A noite é pausa, o inverno é pausa, mesmo a morte é pausa. Onde não há pausa, a vida lentamente se extingue.
Para um mundo no qual funcionar 24 horas por dia parece não ser suficiente, onde o meio ambiente e a terra imploram por uma folga, onde nós mesmos não suportamos mais a falta de tempo, descansar se torna uma necessidade do planeta.
Hoje, o tempo de “pausa” é preenchido por diversão e alienação. Lazer não é feito de descanso, mas de ocupações “para não nos ocuparmos”. A própria palavra entretenimento indica o desejo de não parar. E a incapacidade de parar é uma forma de depressão. O mundo está deprimido e a indústria do entretenimento cresce nessas condições.

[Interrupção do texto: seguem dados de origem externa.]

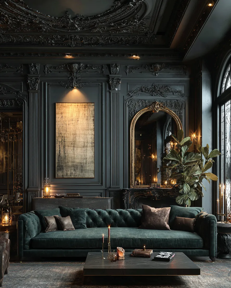 🛋️ **Statement Furniture:** A velvet sofa or classic armchair in rich tones is a must.

Nossas cidades se parecem cada vez mais com a Disneylândia. Longas filas para aproveitar experiências pouco interativas.
Fim de dia com gosto de vazio. Um divertido que não é nem bom nem ruim. Dia pronto para ser esquecido, não fossem as fotos e a memória de uma expectativa frustrada que ninguém revela para não dar o gostinho ao próximo…
Entramos no milênio num mundo que é um grande shopping. A Internet e a televisão não dormem. Não há mais insônia solitária; solitário é quem dorme. As bolsas do Ocidente e do Oriente se revezam fazendo do ganhar e perder, das informações e dos rumores, atividade incessante. A CNN inventou um tempo linear que só pode parar no fim.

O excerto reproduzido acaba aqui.